Provided information —
####

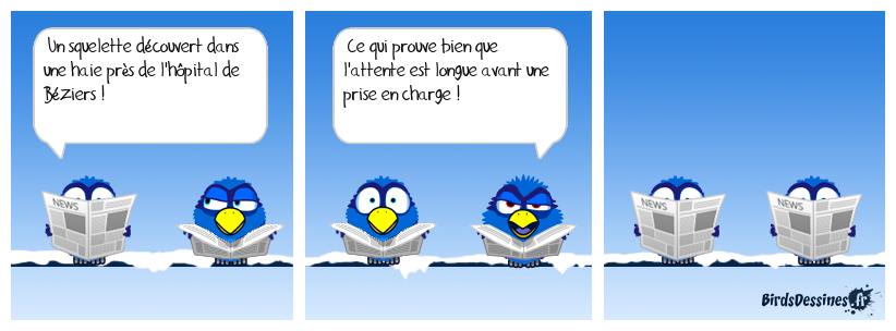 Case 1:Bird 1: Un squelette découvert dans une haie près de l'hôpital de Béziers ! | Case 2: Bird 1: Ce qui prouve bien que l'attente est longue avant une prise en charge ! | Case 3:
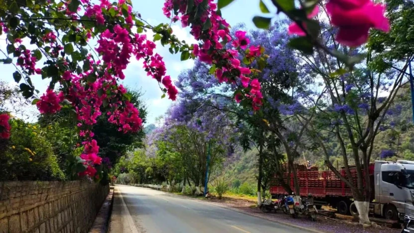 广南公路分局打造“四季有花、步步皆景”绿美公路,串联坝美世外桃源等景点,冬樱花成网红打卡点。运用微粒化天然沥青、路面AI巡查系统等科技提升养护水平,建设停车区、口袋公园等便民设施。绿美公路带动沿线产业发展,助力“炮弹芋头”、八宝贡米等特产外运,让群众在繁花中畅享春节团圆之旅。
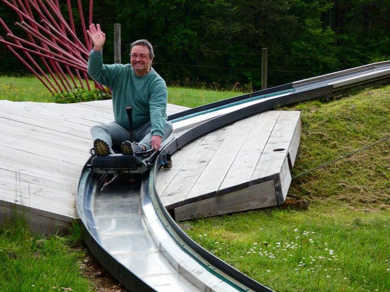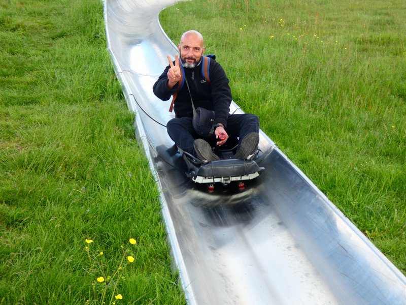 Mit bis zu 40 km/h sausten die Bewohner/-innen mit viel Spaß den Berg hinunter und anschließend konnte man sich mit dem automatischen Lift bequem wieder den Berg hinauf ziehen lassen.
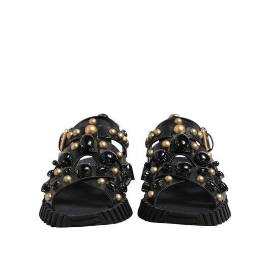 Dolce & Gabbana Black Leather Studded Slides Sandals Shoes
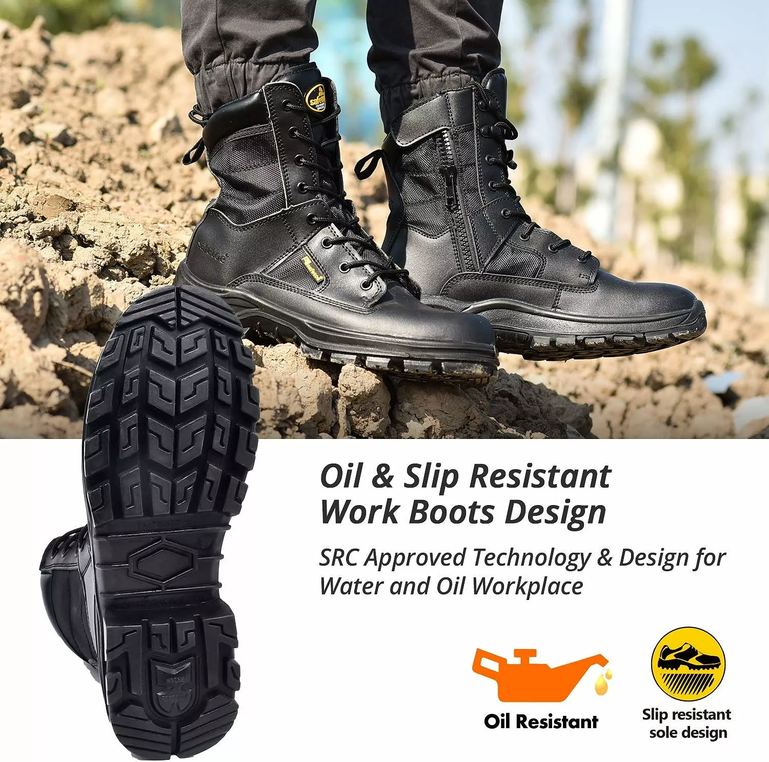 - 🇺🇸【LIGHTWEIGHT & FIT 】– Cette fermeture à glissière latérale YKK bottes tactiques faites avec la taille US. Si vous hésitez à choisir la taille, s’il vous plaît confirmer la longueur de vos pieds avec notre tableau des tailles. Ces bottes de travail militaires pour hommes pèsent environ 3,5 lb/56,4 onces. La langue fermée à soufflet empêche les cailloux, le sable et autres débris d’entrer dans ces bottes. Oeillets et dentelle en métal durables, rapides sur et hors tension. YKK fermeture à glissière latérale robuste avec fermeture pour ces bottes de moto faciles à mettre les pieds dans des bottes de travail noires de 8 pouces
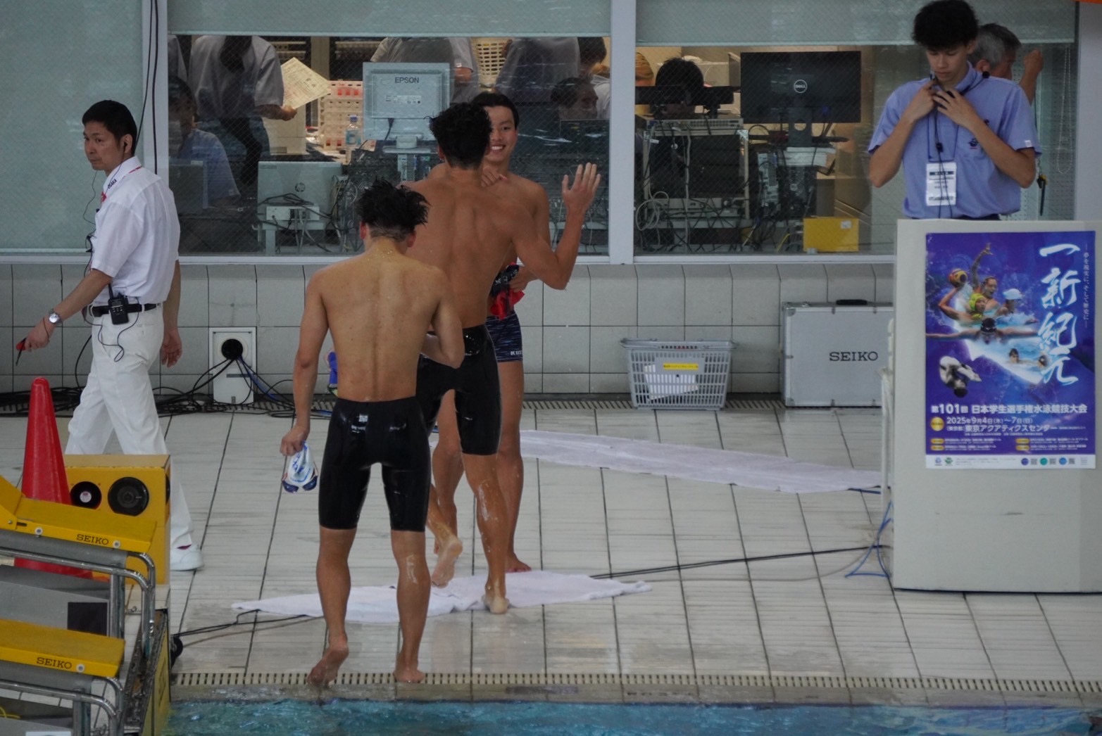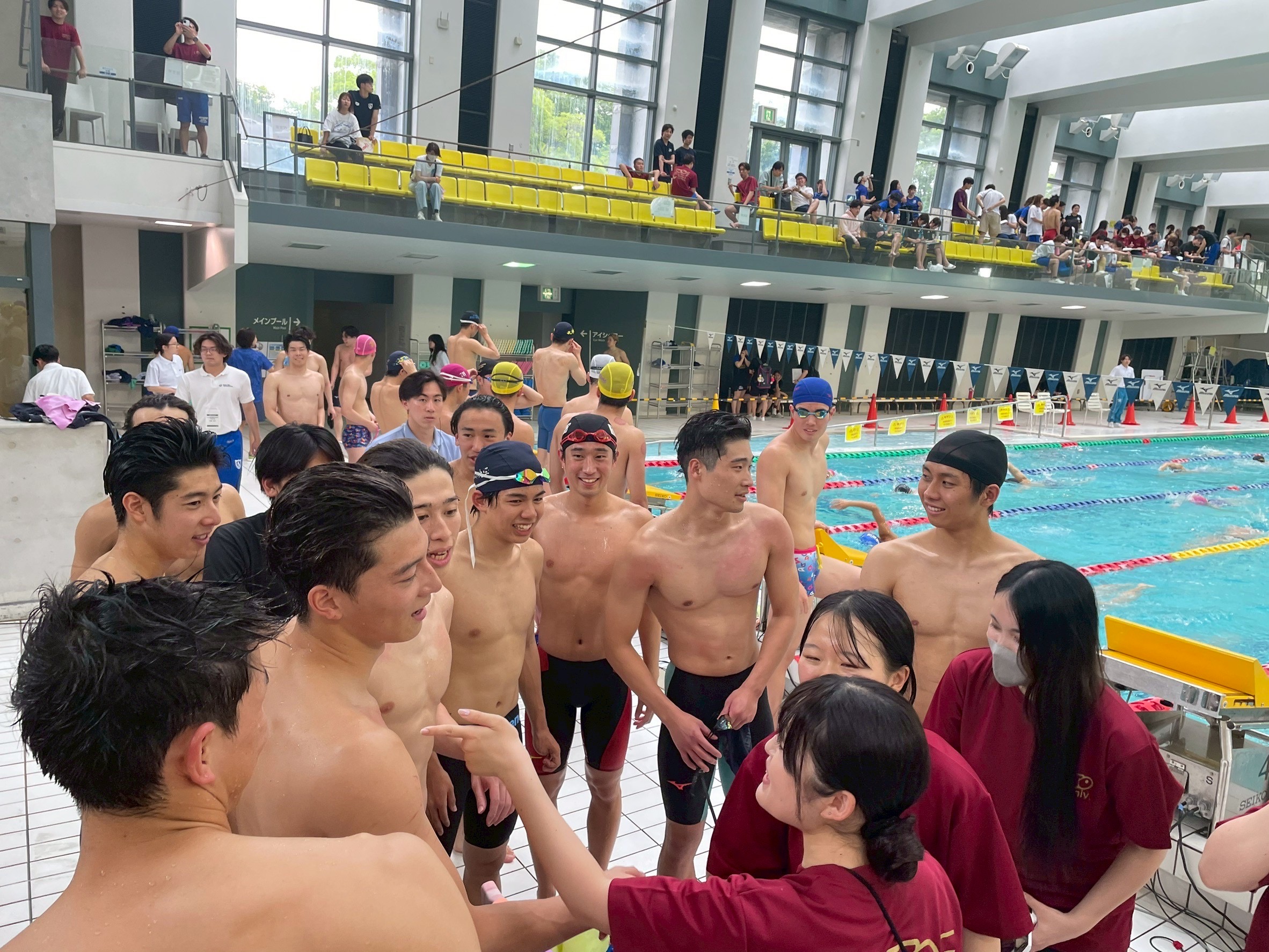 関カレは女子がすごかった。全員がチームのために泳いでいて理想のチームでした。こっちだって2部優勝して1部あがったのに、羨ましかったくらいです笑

####

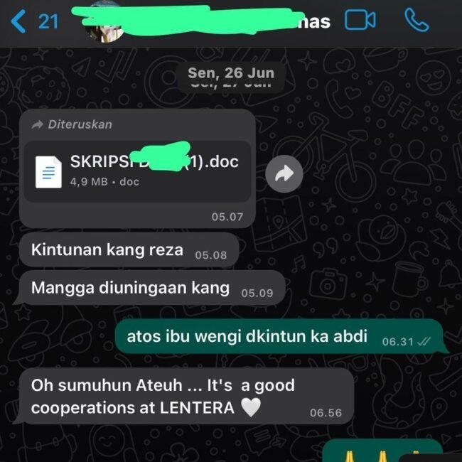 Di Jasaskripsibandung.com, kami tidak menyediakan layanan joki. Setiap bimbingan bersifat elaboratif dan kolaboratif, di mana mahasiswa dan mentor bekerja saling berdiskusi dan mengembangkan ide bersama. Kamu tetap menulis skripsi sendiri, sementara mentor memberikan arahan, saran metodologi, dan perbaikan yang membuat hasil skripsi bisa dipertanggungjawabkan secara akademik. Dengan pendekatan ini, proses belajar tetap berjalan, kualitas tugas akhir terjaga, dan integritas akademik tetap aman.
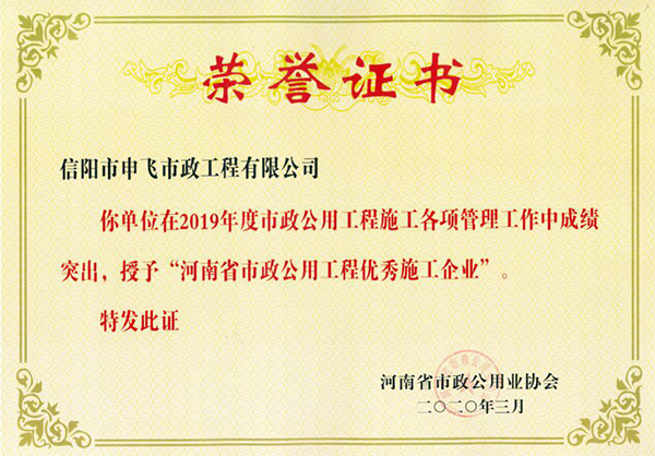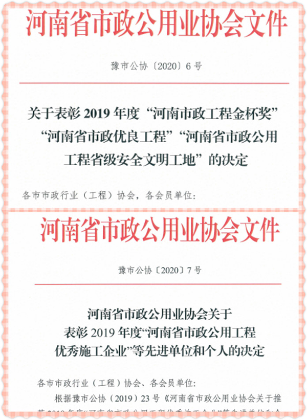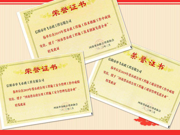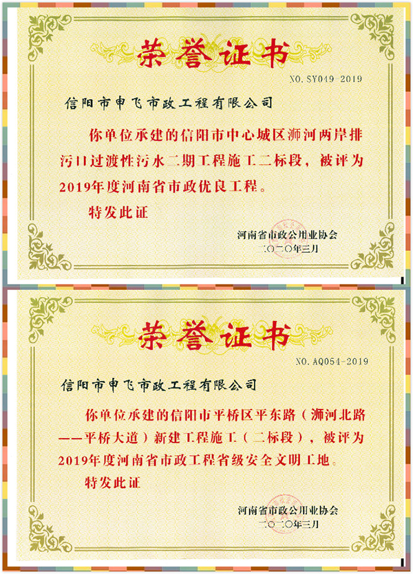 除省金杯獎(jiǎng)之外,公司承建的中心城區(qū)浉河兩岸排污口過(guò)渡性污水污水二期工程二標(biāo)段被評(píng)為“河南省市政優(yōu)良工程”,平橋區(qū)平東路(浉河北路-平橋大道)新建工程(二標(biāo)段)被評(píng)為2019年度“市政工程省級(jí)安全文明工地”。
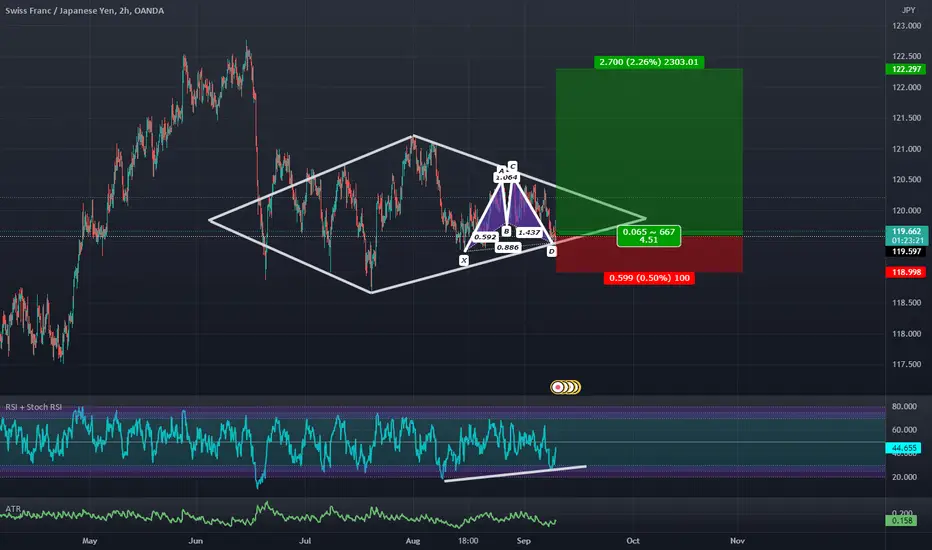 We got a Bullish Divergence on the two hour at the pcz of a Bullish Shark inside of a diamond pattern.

####

What is required — Could you transcribe exactly the entries above, but only the lines from the one with "Case 1:Bird 1: Un" through the one with "関カレは女子がすごかった。全", and without pictures?

Response to the exercise —
 Case 1:Bird 1: Un squelette découvert dans une haie près de l'hôpital de Béziers ! | Case 2: Bird 1: Ce qui prouve bien que l'attente est longue avant une prise en charge ! | Case 3:
 广南公路分局打造“四季有花、步步皆景”绿美公路,串联坝美世外桃源等景点,冬樱花成网红打卡点。运用微粒化天然沥青、路面AI巡查系统等科技提升养护水平,建设停车区、口袋公园等便民设施。绿美公路带动沿线产业发展,助力“炮弹芋头”、八宝贡米等特产外运,让群众在繁花中畅享春节团圆之旅。
 Mit bis zu 40 km/h sausten die Bewohner/-innen mit viel Spaß den Berg hinunter und anschließend konnte man sich mit dem automatischen Lift bequem wieder den Berg hinauf ziehen lassen.
 Dolce & Gabbana Black Leather Studded Slides Sandals Shoes
 - 🇺🇸【LIGHTWEIGHT & FIT 】– Cette fermeture à glissière latérale YKK bottes tactiques faites avec la taille US. Si vous hésitez à choisir la taille, s’il vous plaît confirmer la longueur de vos pieds avec notre tableau des tailles. Ces bottes de travail militaires pour hommes pèsent environ 3,5 lb/56,4 onces. La langue fermée à soufflet empêche les cailloux, le sable et autres débris d’entrer dans ces bottes. Oeillets et dentelle en métal durables, rapides sur et hors tension. YKK fermeture à glissière latérale robuste avec fermeture pour ces bottes de moto faciles à mettre les pieds dans des bottes de travail noires de 8 pouces
 関カレは女子がすごかった。全員がチームのために泳いでいて理想のチームでした。こっちだって2部優勝して1部あがったのに、羨ましかったくらいです笑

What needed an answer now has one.